§ INSTRUCTIONS TO FOLLOW
All lines from the one containing "秋季热销新款优雅印花90色丁方巾百搭时尚装饰女士仿真丝丝巾领巾" through the end of the material below are to be printed exactly, both ends included, minus pictures.

§ DATASET EXCERPT

● ● ● ● ●

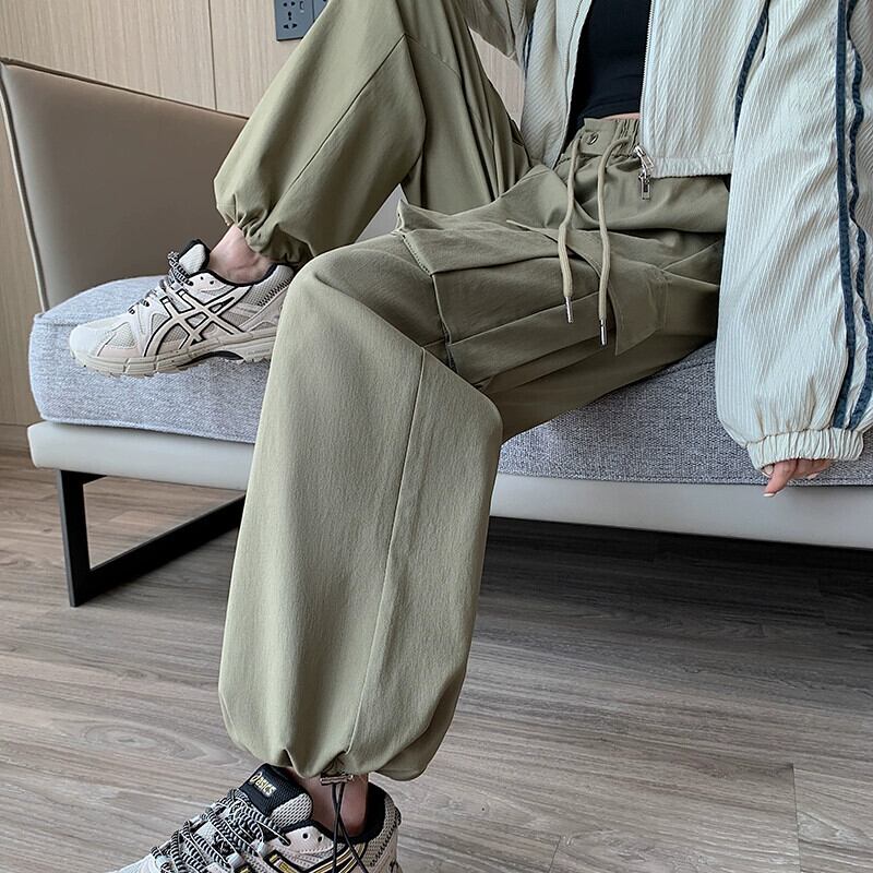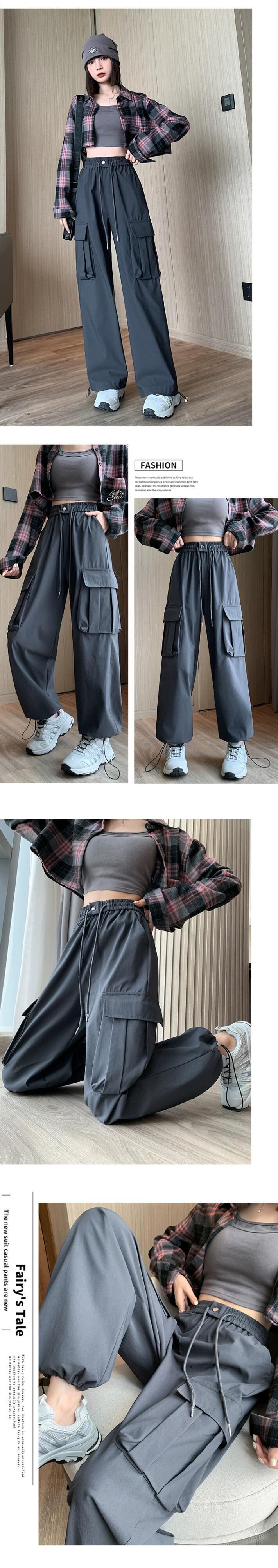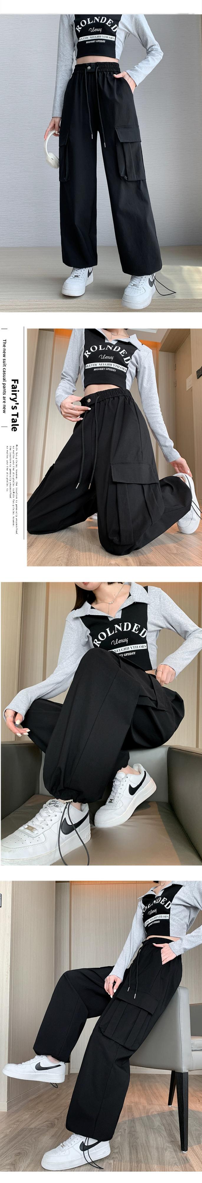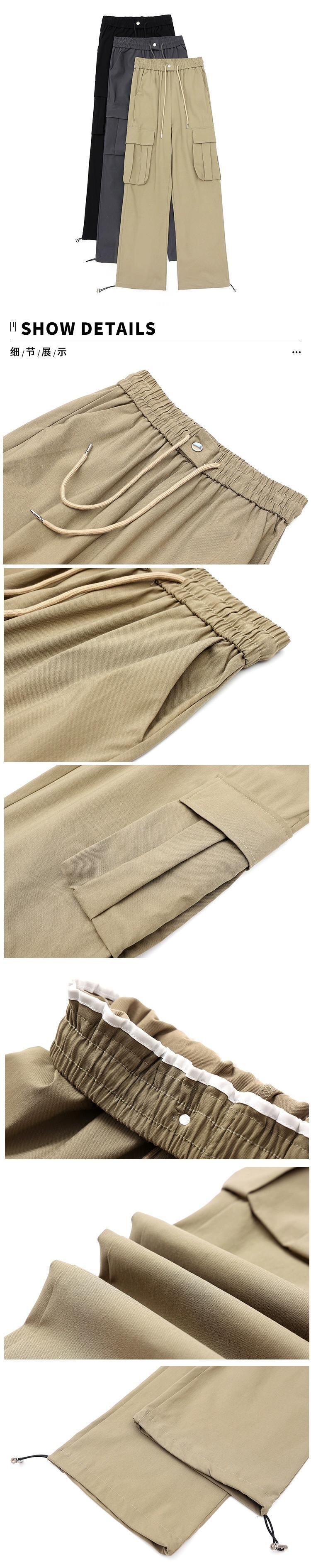 ドローストリングアンクルオーバーオールレディース、春と秋のアメリカンハイストリートカジュアルパンツ、ルーズストレートハイウエストドレープワイドレッグパンツ ハイウェスト スプリング 春物 オータム 秋物 ワイドパンツ 7460090461536462 | framboise21
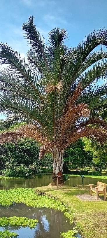 Le Raphia et le Hyphaene sont du magnifique jardin botanique de Durban, le Raphia pousse extrêmement vite et est monocarpique, fleurit une fois puis meurt. Le Hyphaene ici a 120 ans, espèce de pousse extrêmement lente et dans la nature est plus bleu.
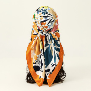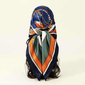 秋季热销新款优雅印花90色丁方巾百搭时尚装饰女士仿真丝丝巾领巾
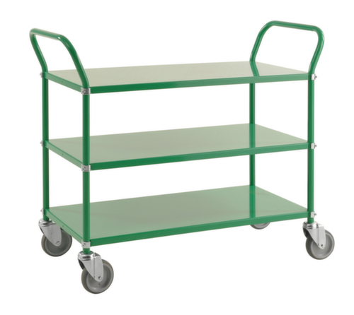 Etage(n) aus Metall mit schlag- und kratzfester Pulverbeschichtung in grün. Etage(n) mit Schutzkante. Schiebebügel hoch. Gestell mit schlag- und kratzfester Pulverbeschichtung in grün. Konstruktion aus Stahl. Leicht zu manövrieren und verfahren durch 4 Lenkrollen. Rad Ø 125 mm. Räder mit bodenschonender TPE-Bereifung auf bruchsicherer und robuster Polypropylen-Felge. Naben mit Präzisionskugellager. Gehäuse aus Stahl. Montagehinweis: Böden mit Aufkantung nach unten oder oben montierbar.

● ● ● ● ●

§ ANSWER TO THIS TASK
 秋季热销新款优雅印花90色丁方巾百搭时尚装饰女士仿真丝丝巾领巾
 Etage(n) aus Metall mit schlag- und kratzfester Pulverbeschichtung in grün. Etage(n) mit Schutzkante. Schiebebügel hoch. Gestell mit schlag- und kratzfester Pulverbeschichtung in grün. Konstruktion aus Stahl. Leicht zu manövrieren und verfahren durch 4 Lenkrollen. Rad Ø 125 mm. Räder mit bodenschonender TPE-Bereifung auf bruchsicherer und robuster Polypropylen-Felge. Naben mit Präzisionskugellager. Gehäuse aus Stahl. Montagehinweis: Böden mit Aufkantung nach unten oder oben montierbar.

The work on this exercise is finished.